### Requirement:
Retype exactly every line from the one that includes "物資領(lǐng)用管理系統(tǒng)" through the final line of the listing, both ends kept, and omit the pictures.

### Dataset section:
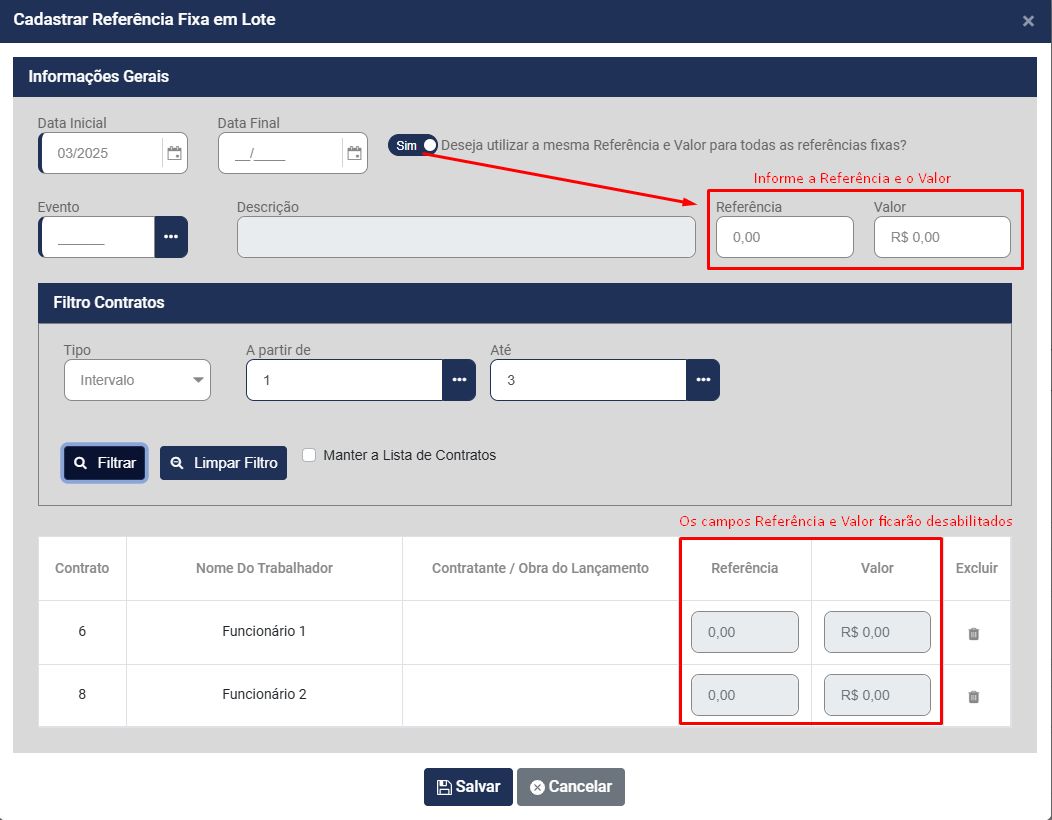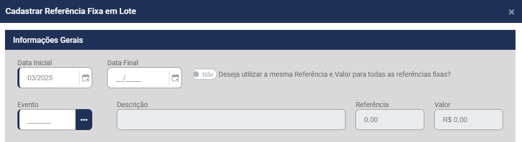 Ao clicar no botão Adicionar em Lote o Módulo apresentará a tela para que você cadastre a Referência Fixa para diversos trabalhadores simultaneamente, informe
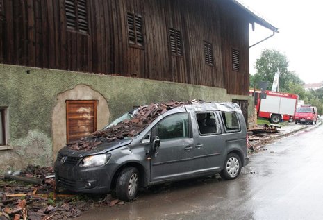 Berlin (dpa/ND). Bei schweren Unwettern in Deutschland sind in Baden-Württemberg zwei Frauen ums Leben gekommen. Mehrere Menschen wurden bei den heftigen Gewittern mit Blitz und Hagel am Mittwochabend verletzt. Straßen waren überflutet, Dächer wie auf dem Foto in Oberbayern abgedeckt. Eine 57 Jahre alte Frau ertrank im Bodensee bei Radolfzell, als ihr Kanu kenterte, eine 77-Jährige wurde in Konstanz von einem eingestürzten Erdbeerstand begraben. Sie starb später im Krankenhaus. Bei etwa 50 000 Kunden der Envia Mitteldeutsche Energie AG in Sachsen, Sachsen-Anhalt und Brandenburg fiel zeitweise der Strom aus.
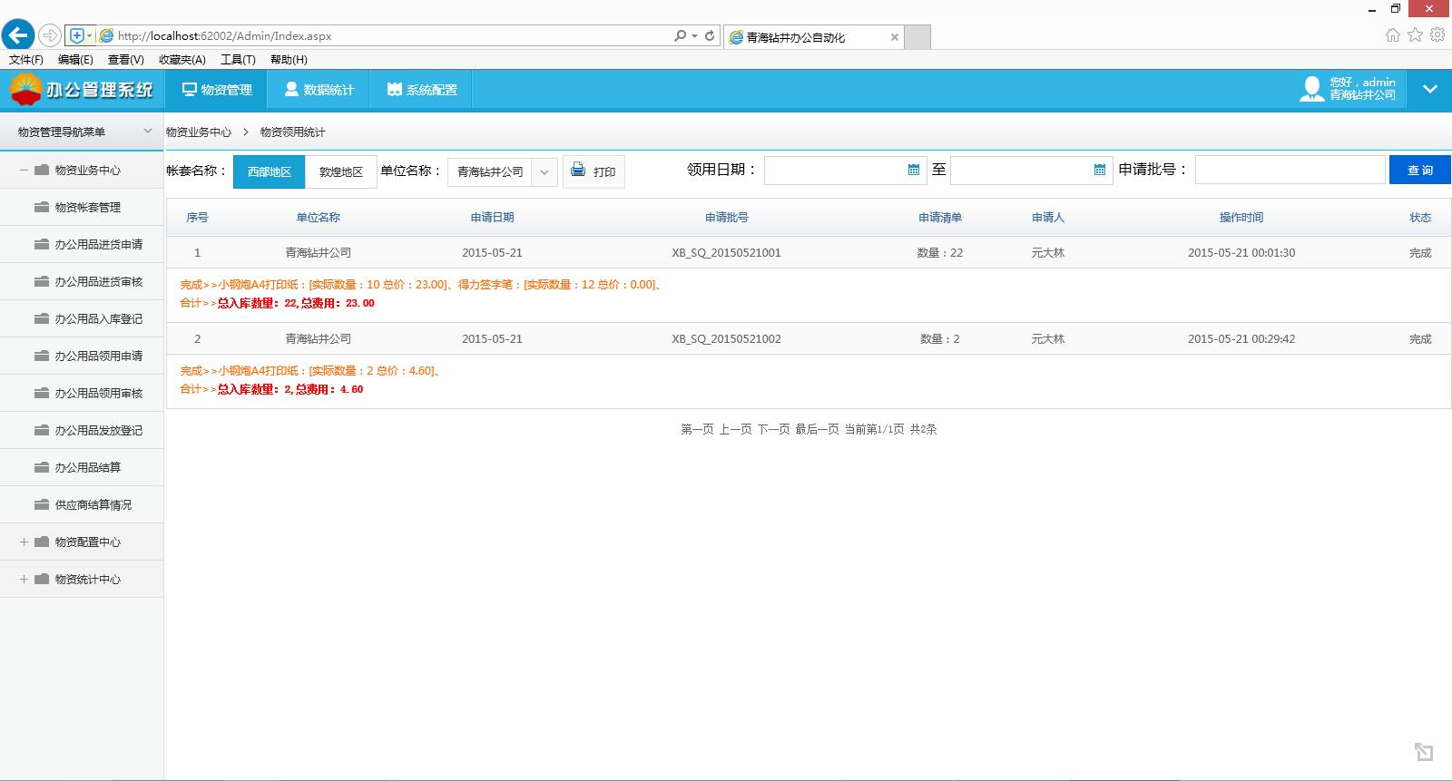 物資領(lǐng)用管理系統(tǒng)
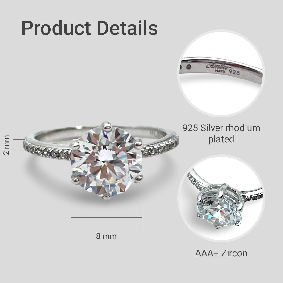 Wählen Sie AmberHats für Qualität, Handwerkskunst und einen Hauch von Romantik. Machen Sie Ihren Verlobungsmoment mit dem Silbernen Classic Round Cut Verlobungsring, wo klassisches Design auf zeitgenössische Eleganz trifft, wirklich unvergesslich.

### Exercise solution:
 物資領(lǐng)用管理系統(tǒng)
 Wählen Sie AmberHats für Qualität, Handwerkskunst und einen Hauch von Romantik. Machen Sie Ihren Verlobungsmoment mit dem Silbernen Classic Round Cut Verlobungsring, wo klassisches Design auf zeitgenössische Eleganz trifft, wirklich unvergesslich.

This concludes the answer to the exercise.